To make valid predictions of gene numbers in the genome, the empirical regression equation y’ = ln(-46.200 + 22.217x’) and y’ = ln(247.28 + 22.74x’) provided by Hou & Lin [21] were used to calculate the predicted protein coding genes and total number of genes in a genome, respectively. In the equation y’ = Log10 gene number and x’ = Log10 genome size in kbp.

Transcriptome analysis

RNA extracted from G. australes CAWD149 and G. belizeanus CCMP401 was sequenced using a HiSeq2000 (Illumina, San Diego, CA) generating 100 bp paired-end reads. The libraries were prepared using the TruSeq™ RNA Sample Prep Kit v2 following the manufacturer’s description (Illumina, order no. RS-122–200x) which involves selective polyA+ RNA enrichment using magnetic beads followed by fragmentation of enriched RNA fraction (for only 4 min to obtain also fragments with sizes > 300 bp), adapter ligation and amplification. For sequencing both libraries were multiplexed in one lane. A total of 79,265,976 and 61,587,248 read pairs were extracted in FastQ format using CASAVA v1.8.2 (Illumina) for G. australes and G. belizaeanus, respectively. Raw reads were quality filtered and assembled into contigs using the CLC Genomics Workbench (CLC bio, Cambridge, MA) and the software’s default settings. Any contigs with a length of less than 300 bp (based on the length of the insert size) were not analysed further. BLASTx analysis, mapping, annotation and Kyoto Encyclopedia of Gene and Genomes (KEGG) analysis for both the gene catalogues was performed using BLAST2GO [57]. BLASTx was performed against the nr database of GenBank and an E-value cut off of 10-3 was used. For mapping and annotations, the default values of BLAST2GO were used. To analyse the comprehensiveness of the gene catalogues the Core Eukaryotic Genes Mapping approach (CEGMA) tool was used [38]. Identification of potential genes involved in polyketide biosynthesis was achieved by text searching the annotations (ketosynthase, PKS, polyketide synthase, ketoreductases). For the identification of KS and KR domains, these sequences were further analysed by PKS-NRPS analysis software [58] and HMMER [59] (using an in-house developed HMM databases). Functional prediction of sequences was also aided by running Pfam [60] searches. To calculate the amount of sequences of bacterial origin, any sequences with a top BLASTx hit to prokaryotic organisms were counted.

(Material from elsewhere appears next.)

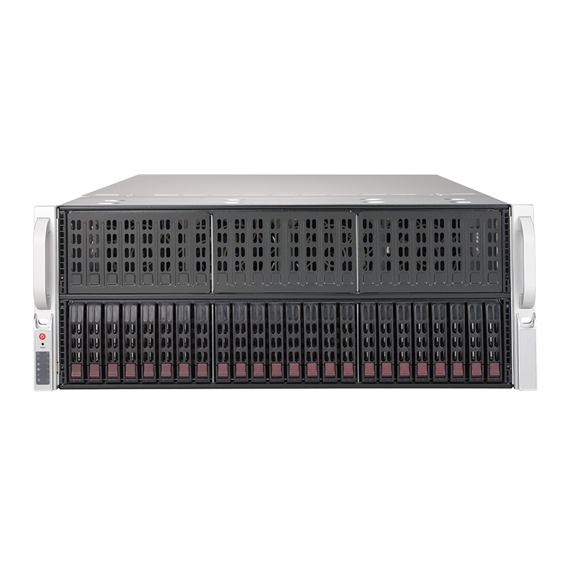支持 24* 熱插拔 2.5英寸 SATA/SAS 硬盤(可選 4* U.2 NVMe SSD)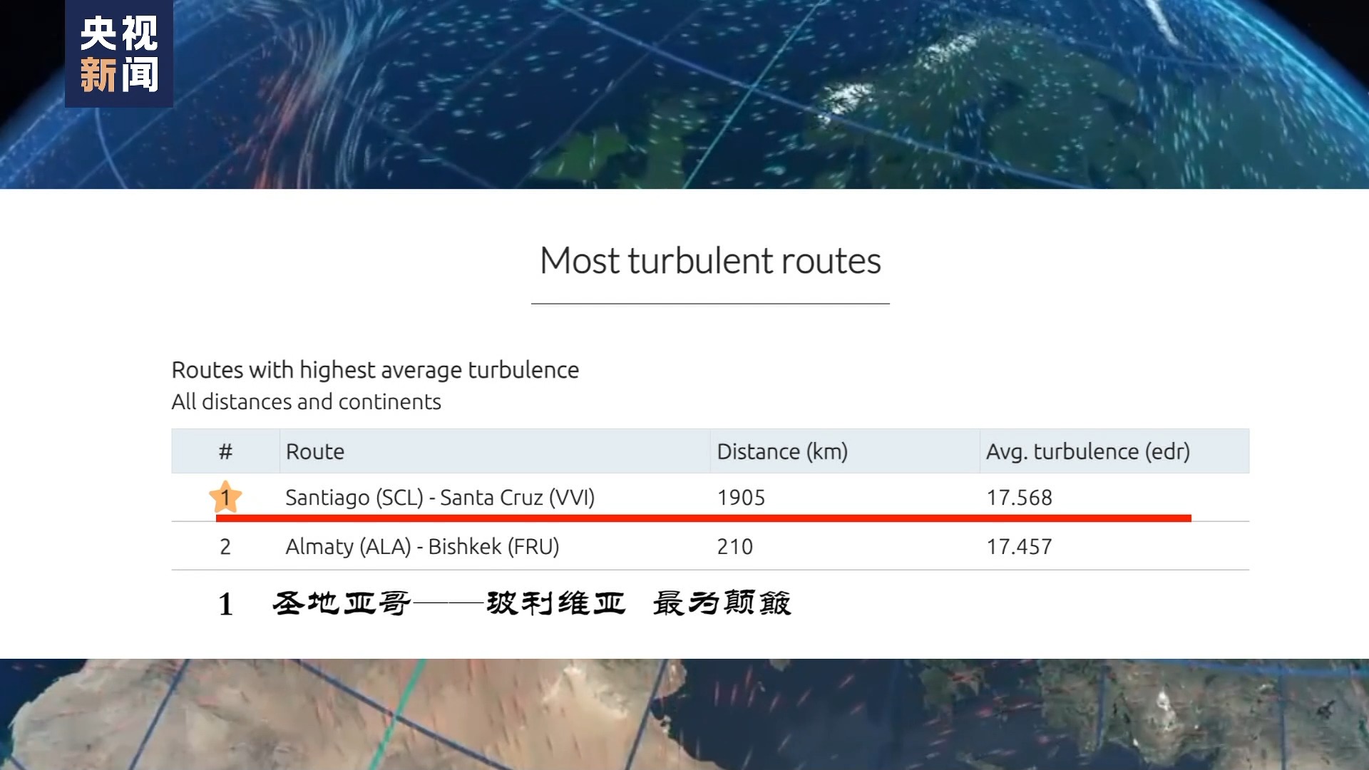 Turbli是一家湍流预测网站。在对全球大约15万条不同航线进行分析后,该网站指出在2023年,智利圣地亚哥与玻利维亚维鲁维鲁国际机场之间的航程最为颠簸。

For phylogenetic analysis, all steps were performed in Geneious® software [61]. Sequences from different datasets were aligned using MAFFT v6.814b [62]. Alignments were trimmed manually to ensure they spanned the same KS/KR/Histone2a coding region. After aligning the sequences, the best substitution model was determined using ModelTest [39] and a maximum likelihood phylogenetic analysis was carried out using the program PhyML [63] with 100 bootstraps.